Task description
Begin at the top of the records below and print each line exactly until the line containing "The BioMidi 425" has been printed; any pictures are to be left out.

Records from a data source
== == ==
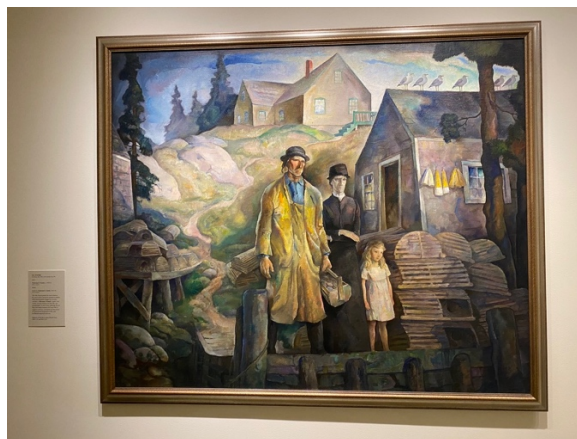
Fisherman's Family By N.C. Wyeth
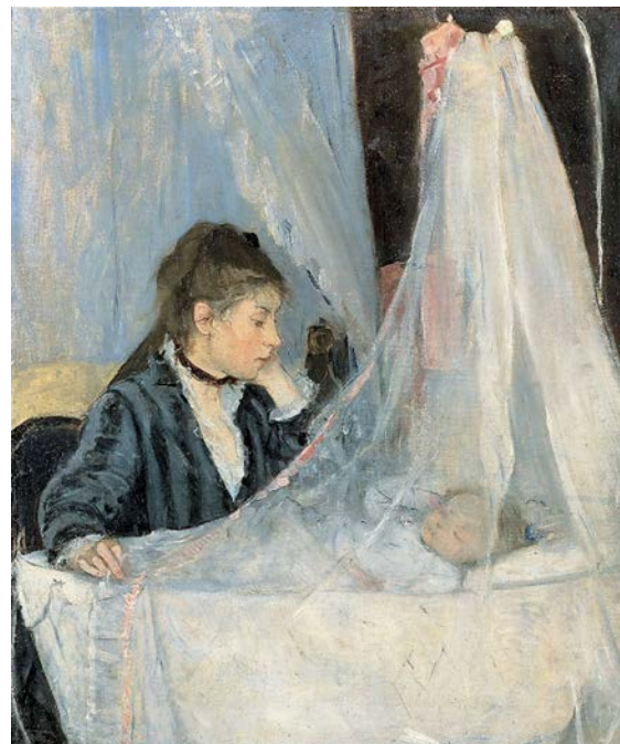
Berthe Morisot, The Cradle , 1874

The Cradle is one of Morisot's most popular paintings. It depicts the artist's sister
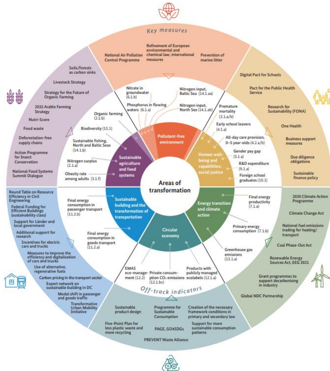
Figure 2 (German framework)

heavily based on the first GSDR (2019), only adding the lever of capacity building. 9 The second is a similar variant that is being used by the German Government since 2021. 10
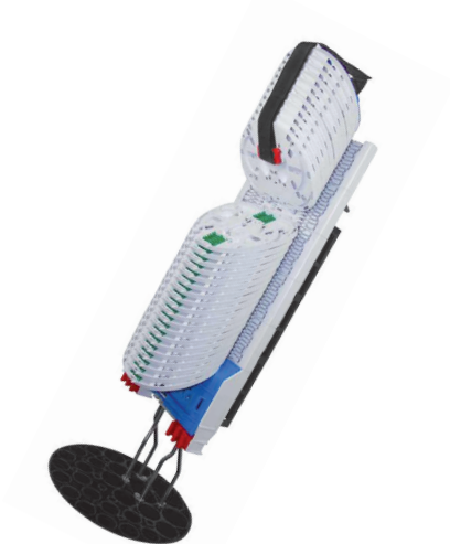
FDN fibre optic splice closure with IR system

FDNIR-C - fibre optic splice closure FDN IR with Integrated Routing system, 36 splice trays SE (12 splices each), cover type C
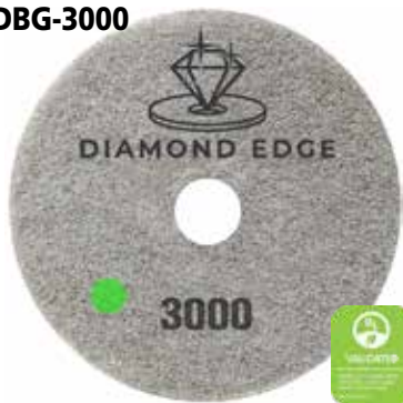
3000 Grit Diamond Edge Pad

The 3000 diamond pad produces and maintains a "wet-look" floor. Use it as your normal maintenance pad on concrete, stone, terrazzo, tile and even VCT.
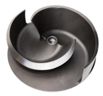
Semi-open impeller Corrosion and abrasion resistant pump impeller made of chrome moly (42CrM04) alloy.
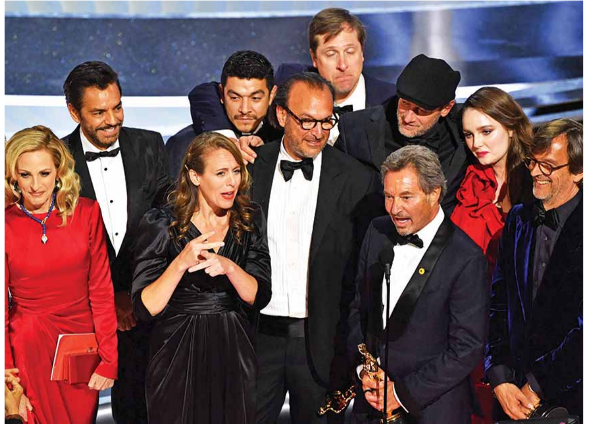
"CODA" cast and crew accept the award for Best Picture for "CODA" onstage during the 94th Oscars at the Dolby Theatre in Hollywood, California.
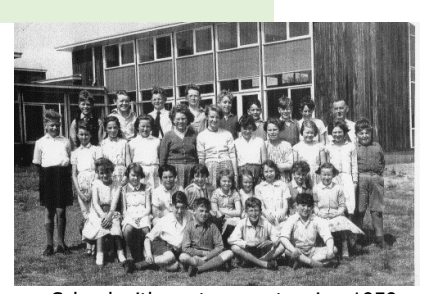
School with post war extension 1959
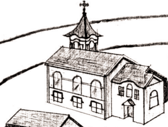
Presbyterian Church of Sudbury

Featherland Park & Nixon Elementary School
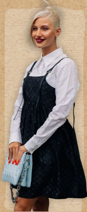
FW23 PARIS FASHION WEEK
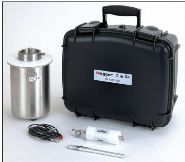
The optional Oil Test Cell, C/N 670511, is used for testing insulating fluids up to 10 kV
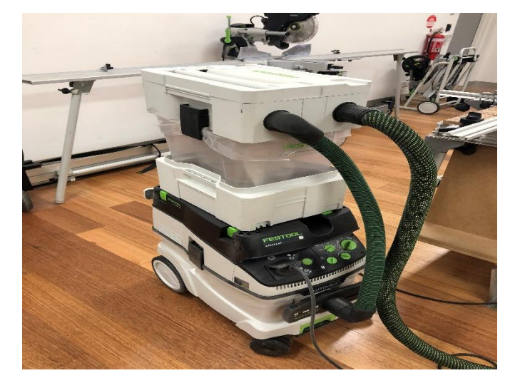
The CTM 36 AutoClean Dust Extractor with the pre-separator cyclone unit attached. This extraction setup was used in samples M3288/1,2,5 and 6.
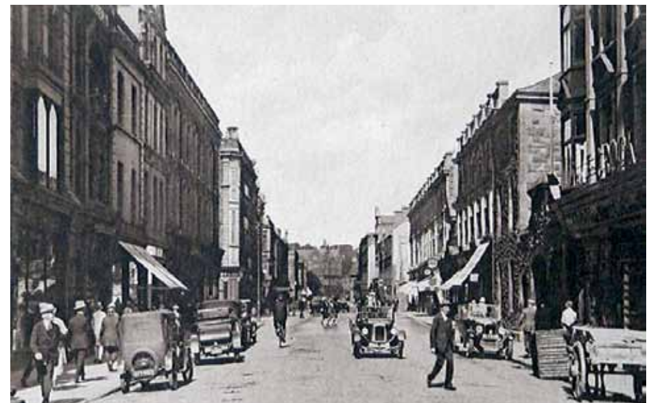
Strand Road Derry~Londonderry 1920

Life in Derry~Londonderry after the formation of Northern Ireland in 1921 was blighted by tense divisions between its Nationalist and Unionist populations. Unionists in Londonderry felt very much under siege, both from the growing
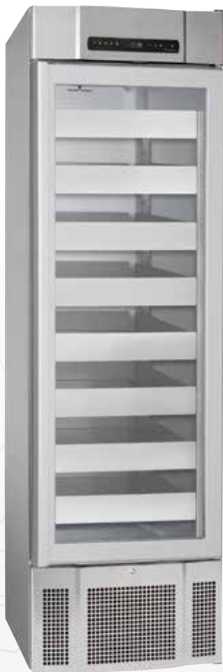
BioMidi 425. Drawers and glass door are optional extras.

The BioMidi 425 cabinet is designed to meet your biomaterial refrigeration and freezer requirements, with very few limitations.
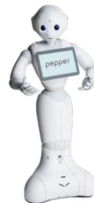
Figure 1.2: Softbank / Aldebaran Pepper

The robot to be used in the SSPL is the Softbank/Aldebaran Pepper, shown in Figure 1.2.
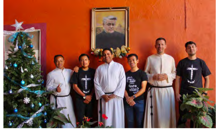
Formation community during the new year celebration
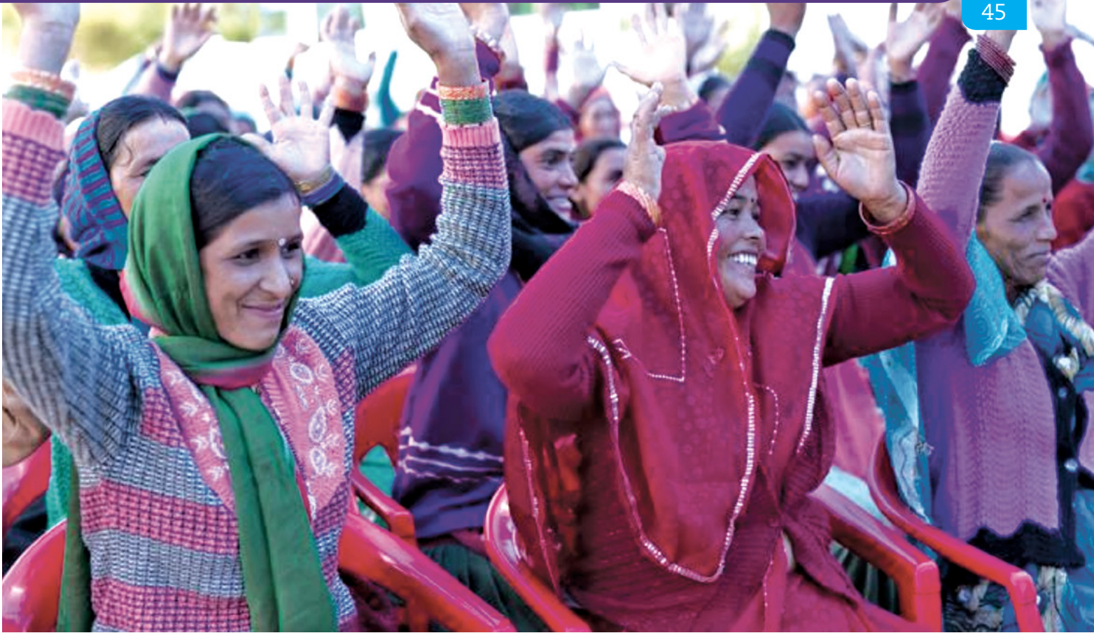
Hindu women at the Triyuginarayan Centre, India.
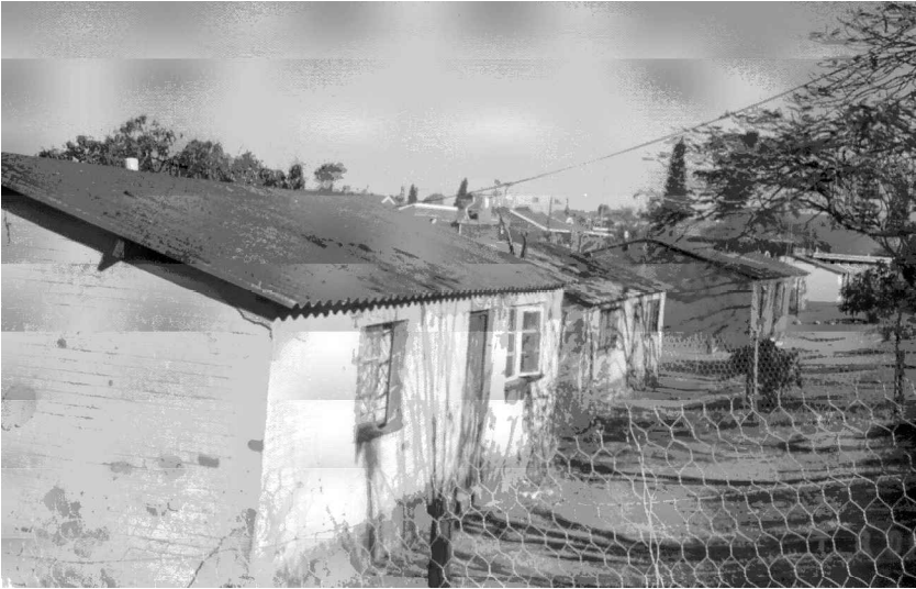
Figure 6. “Matchbox” houses in Sundumbili that were secured through men’s employment in one of the large factories such as SAPPI.
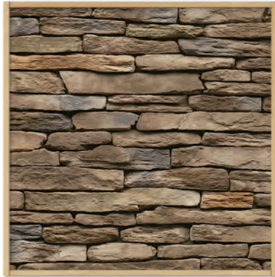
Asher Laurel Cavern Ledge
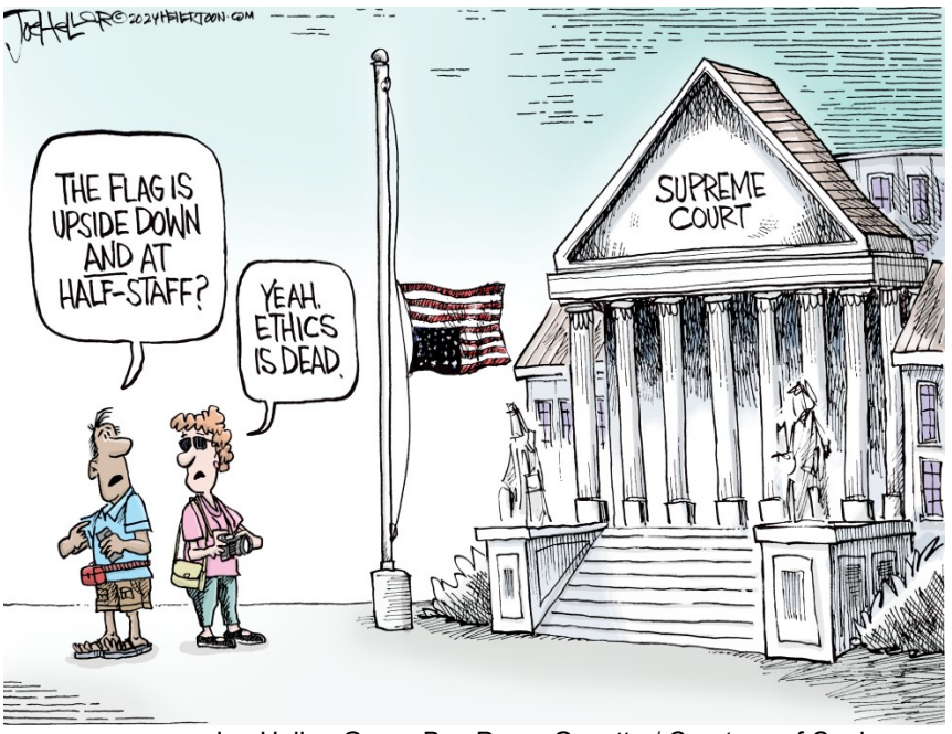
Joe Heller, Green Bay Press-Gazette / Courtesy of Cagle.com
== == ==
Problem solution
Fisherman's Family By N.C. Wyeth
Berthe Morisot, The Cradle , 1874

The Cradle is one of Morisot's most popular paintings. It depicts the artist's sister
Figure 2 (German framework)

heavily based on the first GSDR (2019), only adding the lever of capacity building. 9 The second is a similar variant that is being used by the German Government since 2021. 10
FDN fibre optic splice closure with IR system

FDNIR-C - fibre optic splice closure FDN IR with Integrated Routing system, 36 splice trays SE (12 splices each), cover type C
3000 Grit Diamond Edge Pad

The 3000 diamond pad produces and maintains a "wet-look" floor. Use it as your normal maintenance pad on concrete, stone, terrazzo, tile and even VCT.
Semi-open impeller Corrosion and abrasion resistant pump impeller made of chrome moly (42CrM04) alloy.
"CODA" cast and crew accept the award for Best Picture for "CODA" onstage during the 94th Oscars at the Dolby Theatre in Hollywood, California.
School with post war extension 1959
Presbyterian Church of Sudbury

Featherland Park & Nixon Elementary School
FW23 PARIS FASHION WEEK
The optional Oil Test Cell, C/N 670511, is used for testing insulating fluids up to 10 kV
The CTM 36 AutoClean Dust Extractor with the pre-separator cyclone unit attached. This extraction setup was used in samples M3288/1,2,5 and 6.
Strand Road Derry~Londonderry 1920

Life in Derry~Londonderry after the formation of Northern Ireland in 1921 was blighted by tense divisions between its Nationalist and Unionist populations. Unionists in Londonderry felt very much under siege, both from the growing
BioMidi 425. Drawers and glass door are optional extras.

The BioMidi 425 cabinet is designed to meet your biomaterial refrigeration and freezer requirements, with very few limitations.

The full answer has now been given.